TASK DESCRIPTION -
Only the lines from the one that contains "21.01.2012 RZESZOW SIATKOWKA" through the last line of the data below should be duplicated, exactly and without pictures.

DATA SECTION -
=====

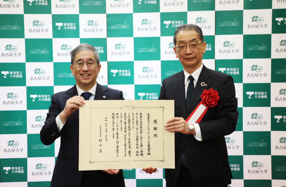 Nagoya University held a ceremony at its Higashiyama Campus to thank Tokai Tokyo Financial Holdings, Inc. and the Tokai Tokyo Foundation for their significant financial contributions to academic and educational exchange between Japan and the United Kingdom at a ceremony on March 27, 2025.
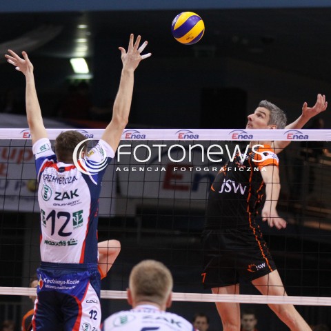 21.01.2012 RZESZOW SIATKOWKA PUCHAR POLSKI 2012 MEN VOLLEYBALL ENEA CUP MEN MECZ POLFINAL SEMIFINAL ZAKSA KEDZIERZYN KOZLE - JASTRZEBSKI WEGIEL N/Z ATAK JOHANNES BONTJE BLOK WOJCIECH KAZMIERCZAK FOT MACIEJ GOCLON / FOTONEWS
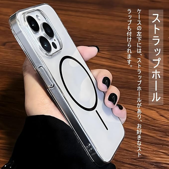 【MagSafe対応+ストラップホール】MagSafe対応のマグネットリング付き、MagSafe充電器やMagSafe対応アクセサリーの装着が可能、機能性とデザイン性を両立iPhoneケースです。ケース下部には、ストラップホールがあり、お好きなストラップも付けられます。

=====

RESULT FOR THIS TASK -
 21.01.2012 RZESZOW SIATKOWKA PUCHAR POLSKI 2012 MEN VOLLEYBALL ENEA CUP MEN MECZ POLFINAL SEMIFINAL ZAKSA KEDZIERZYN KOZLE - JASTRZEBSKI WEGIEL N/Z ATAK JOHANNES BONTJE BLOK WOJCIECH KAZMIERCZAK FOT MACIEJ GOCLON / FOTONEWS
 【MagSafe対応+ストラップホール】MagSafe対応のマグネットリング付き、MagSafe充電器やMagSafe対応アクセサリーの装着が可能、機能性とデザイン性を両立iPhoneケースです。ケース下部には、ストラップホールがあり、お好きなストラップも付けられます。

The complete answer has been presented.